-- Input data --
_ _ _ _ _

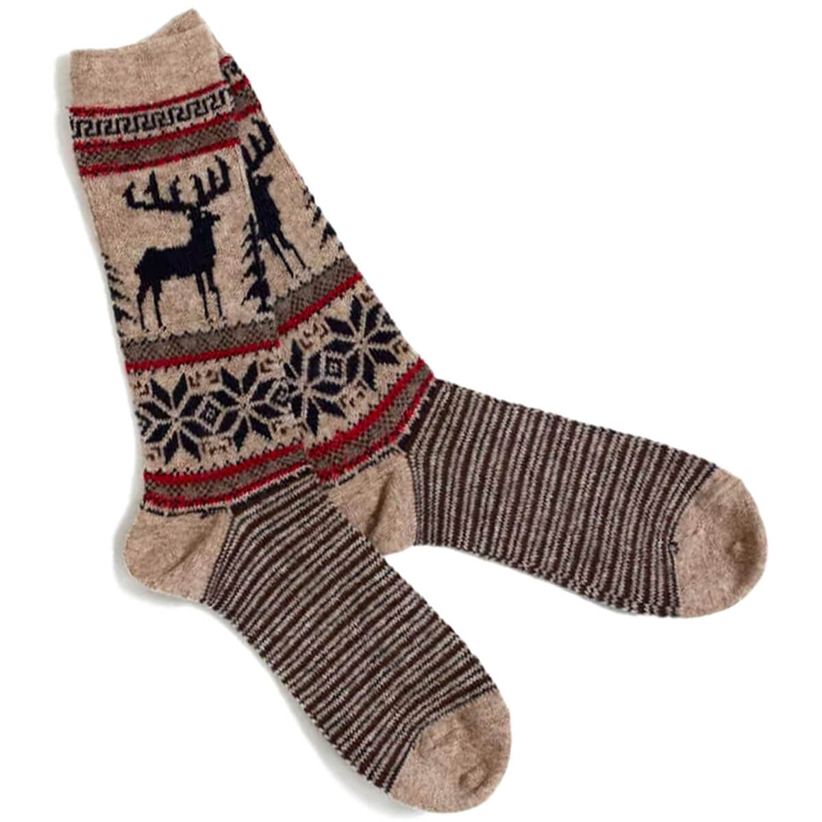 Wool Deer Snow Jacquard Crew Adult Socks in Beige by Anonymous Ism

_ _ _ _ _

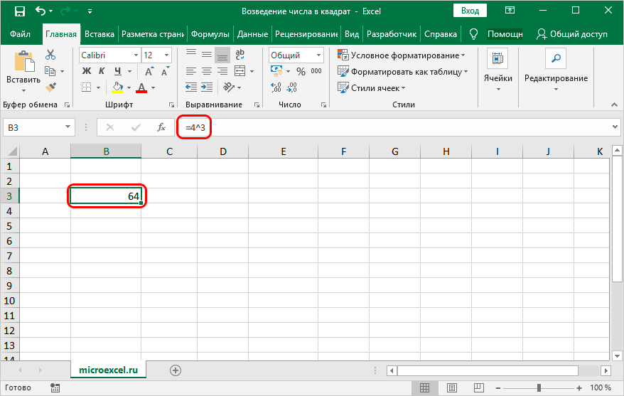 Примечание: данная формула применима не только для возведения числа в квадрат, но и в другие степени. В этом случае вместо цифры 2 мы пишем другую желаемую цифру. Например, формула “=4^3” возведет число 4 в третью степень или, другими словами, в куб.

_ _ _ _ _

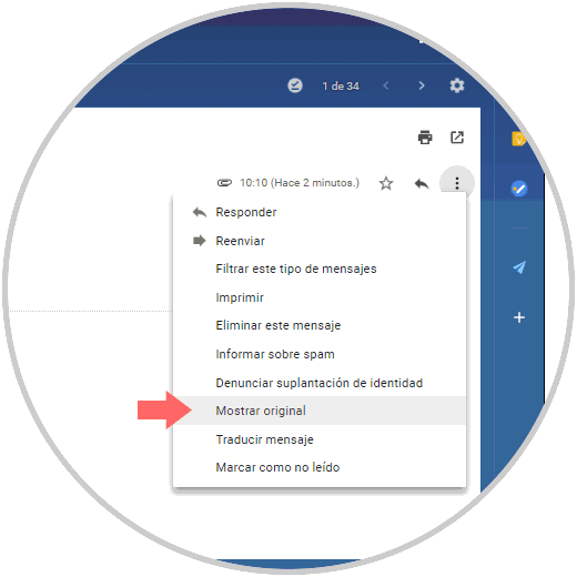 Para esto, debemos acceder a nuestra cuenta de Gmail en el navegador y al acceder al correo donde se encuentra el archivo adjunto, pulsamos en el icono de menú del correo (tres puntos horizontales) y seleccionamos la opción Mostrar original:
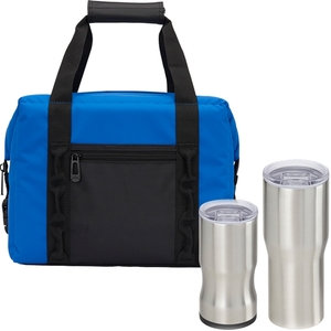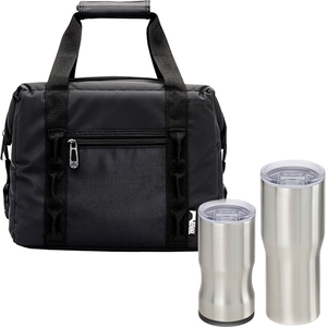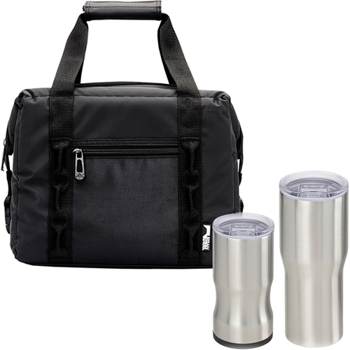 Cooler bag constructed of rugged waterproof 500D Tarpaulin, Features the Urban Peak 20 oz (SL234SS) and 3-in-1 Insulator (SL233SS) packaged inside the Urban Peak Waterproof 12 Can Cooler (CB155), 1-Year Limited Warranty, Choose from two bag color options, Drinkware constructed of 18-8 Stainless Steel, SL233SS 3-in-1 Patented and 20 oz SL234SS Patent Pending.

_ _ _ _ _

-- Your assignment --
Your answer should consist of the lines above between those holding "Para esto, debemos" and "Cooler bag constructed", inclusive, reproduced word for word and without pictures.

-- Exercise answer --
 Para esto, debemos acceder a nuestra cuenta de Gmail en el navegador y al acceder al correo donde se encuentra el archivo adjunto, pulsamos en el icono de menú del correo (tres puntos horizontales) y seleccionamos la opción Mostrar original:
 Cooler bag constructed of rugged waterproof 500D Tarpaulin, Features the Urban Peak 20 oz (SL234SS) and 3-in-1 Insulator (SL233SS) packaged inside the Urban Peak Waterproof 12 Can Cooler (CB155), 1-Year Limited Warranty, Choose from two bag color options, Drinkware constructed of 18-8 Stainless Steel, SL233SS 3-in-1 Patented and 20 oz SL234SS Patent Pending.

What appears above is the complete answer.